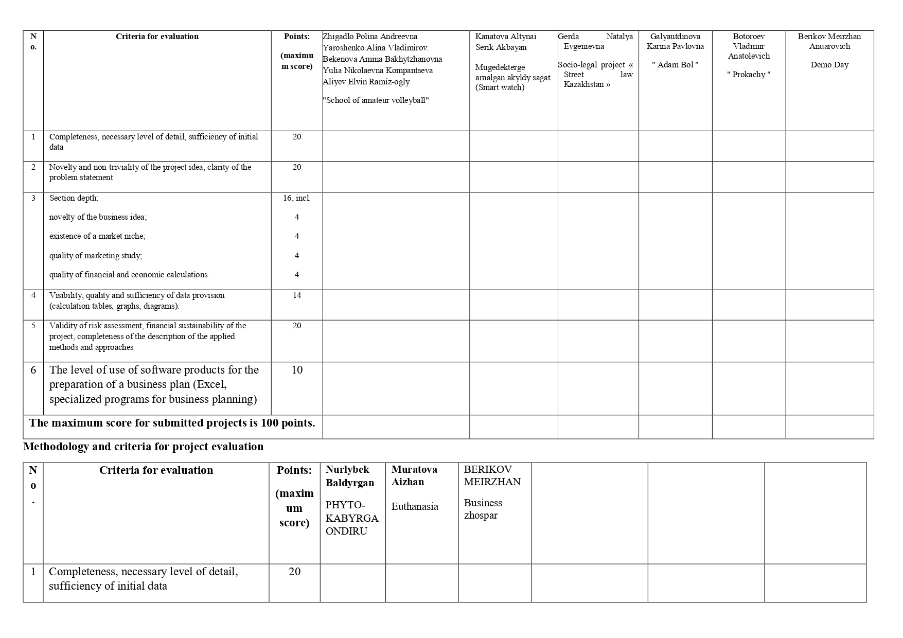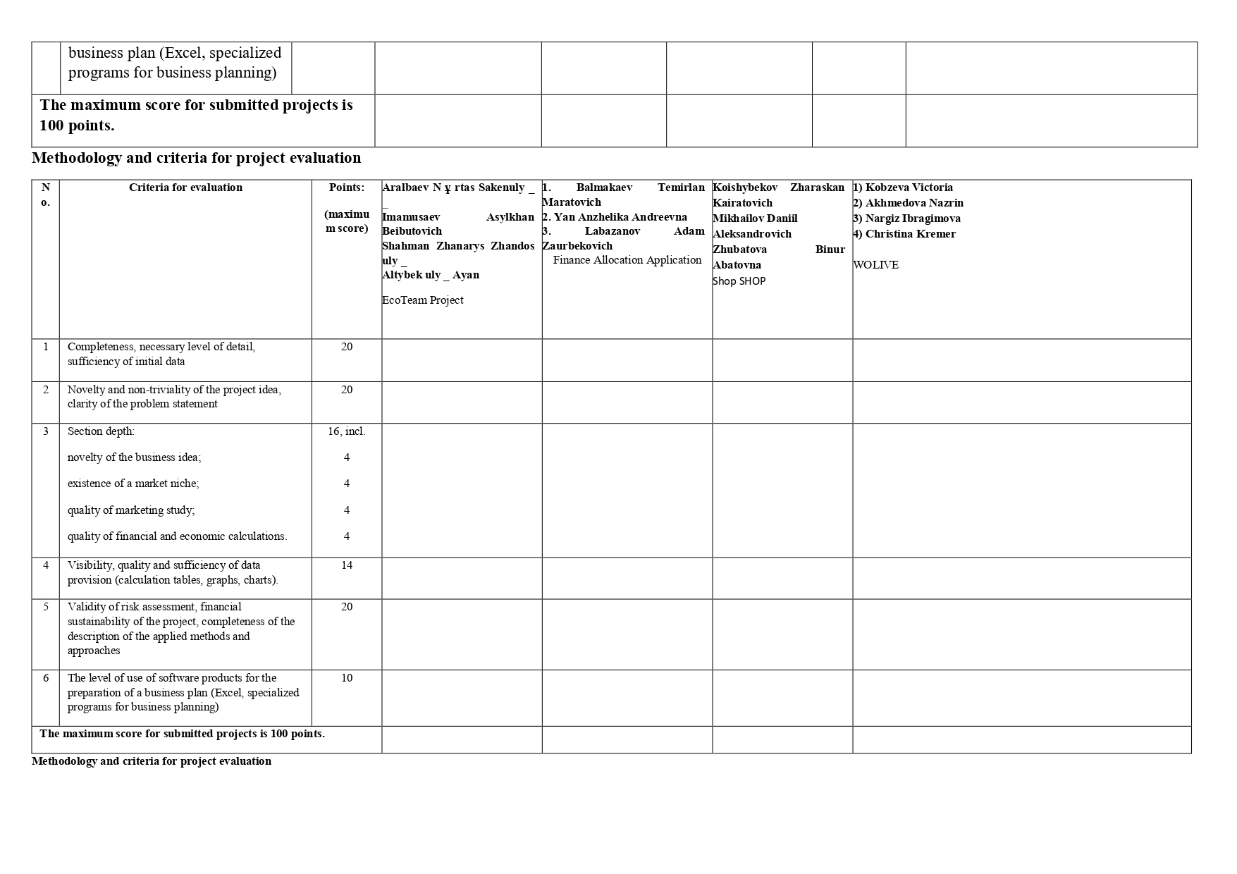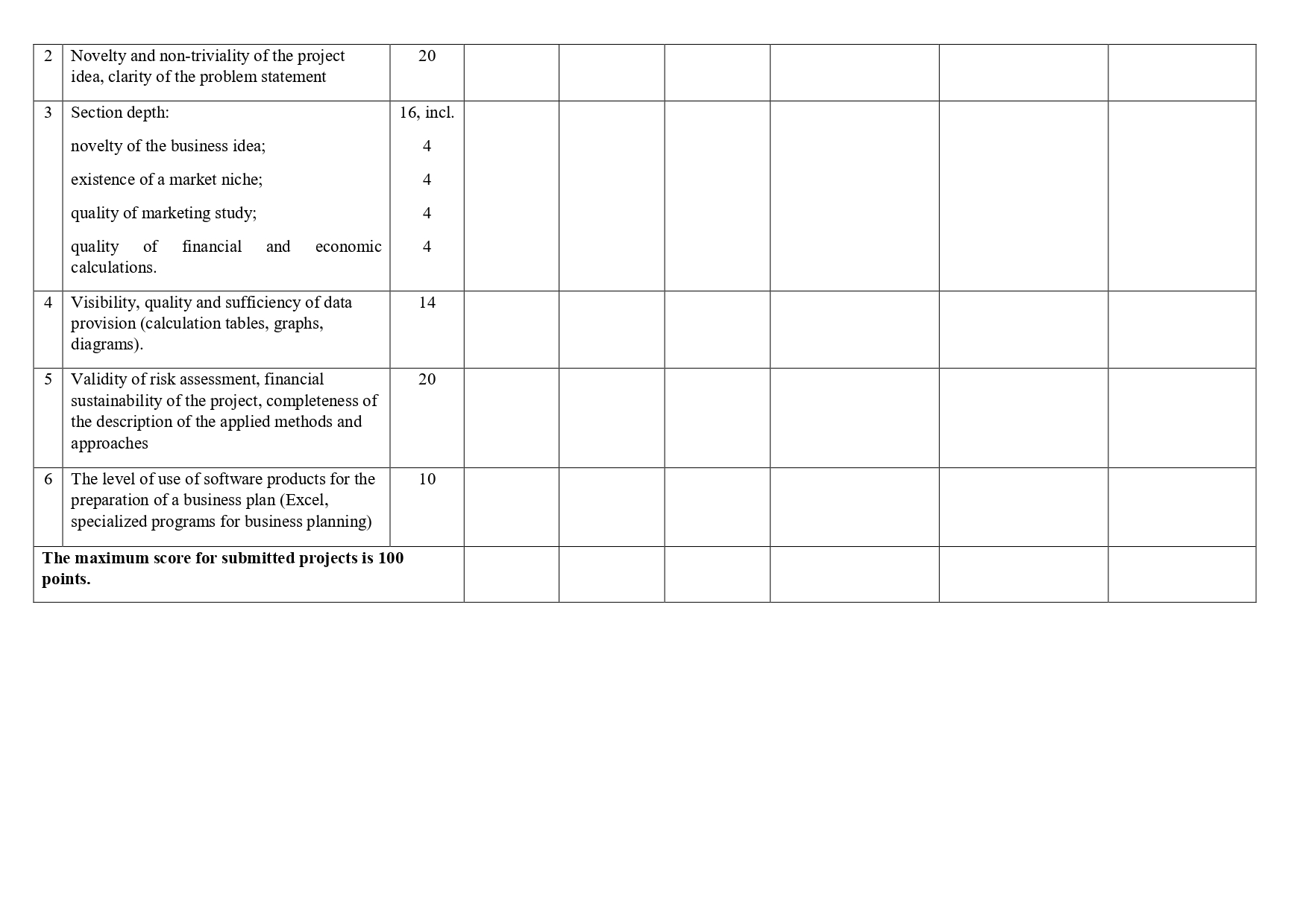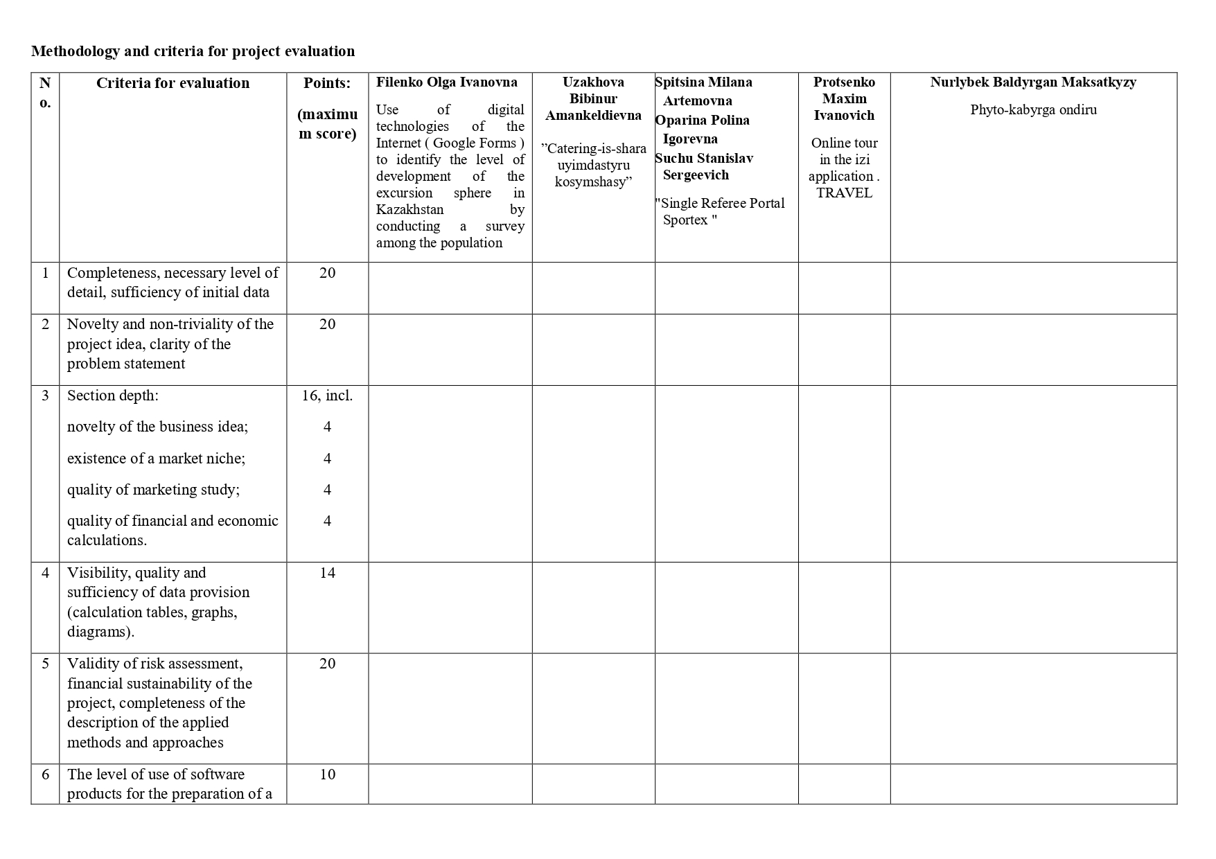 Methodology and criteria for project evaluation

****************************************

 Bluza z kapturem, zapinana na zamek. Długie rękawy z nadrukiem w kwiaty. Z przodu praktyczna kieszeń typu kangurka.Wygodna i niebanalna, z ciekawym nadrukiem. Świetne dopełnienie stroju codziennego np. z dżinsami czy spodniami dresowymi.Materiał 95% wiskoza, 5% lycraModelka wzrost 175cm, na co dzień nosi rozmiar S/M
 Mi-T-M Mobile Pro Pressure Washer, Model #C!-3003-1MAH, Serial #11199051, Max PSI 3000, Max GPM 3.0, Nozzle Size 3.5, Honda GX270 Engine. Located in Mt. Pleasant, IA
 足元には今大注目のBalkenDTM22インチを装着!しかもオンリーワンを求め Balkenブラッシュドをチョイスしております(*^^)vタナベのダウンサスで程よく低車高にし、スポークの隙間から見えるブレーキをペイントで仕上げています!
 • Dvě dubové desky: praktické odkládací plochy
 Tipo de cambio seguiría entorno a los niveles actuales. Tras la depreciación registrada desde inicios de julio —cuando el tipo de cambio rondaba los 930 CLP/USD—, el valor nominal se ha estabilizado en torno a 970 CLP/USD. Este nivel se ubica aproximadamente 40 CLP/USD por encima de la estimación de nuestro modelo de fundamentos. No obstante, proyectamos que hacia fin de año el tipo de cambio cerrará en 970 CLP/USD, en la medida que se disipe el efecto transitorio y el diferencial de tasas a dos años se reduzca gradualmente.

****************************************

## Work instruction
For the listing above, print only the lines starting at the line containing "Bluza z kapturem, zapinana" and ending at the line containing "praktické odkládací plochy", exactly, both included.

## Written response
 Bluza z kapturem, zapinana na zamek. Długie rękawy z nadrukiem w kwiaty. Z przodu praktyczna kieszeń typu kangurka.Wygodna i niebanalna, z ciekawym nadrukiem. Świetne dopełnienie stroju codziennego np. z dżinsami czy spodniami dresowymi.Materiał 95% wiskoza, 5% lycraModelka wzrost 175cm, na co dzień nosi rozmiar S/M
 Mi-T-M Mobile Pro Pressure Washer, Model #C!-3003-1MAH, Serial #11199051, Max PSI 3000, Max GPM 3.0, Nozzle Size 3.5, Honda GX270 Engine. Located in Mt. Pleasant, IA
 足元には今大注目のBalkenDTM22インチを装着!しかもオンリーワンを求め Balkenブラッシュドをチョイスしております(*^^)vタナベのダウンサスで程よく低車高にし、スポークの隙間から見えるブレーキをペイントで仕上げています!
 • Dvě dubové desky: praktické odkládací plochy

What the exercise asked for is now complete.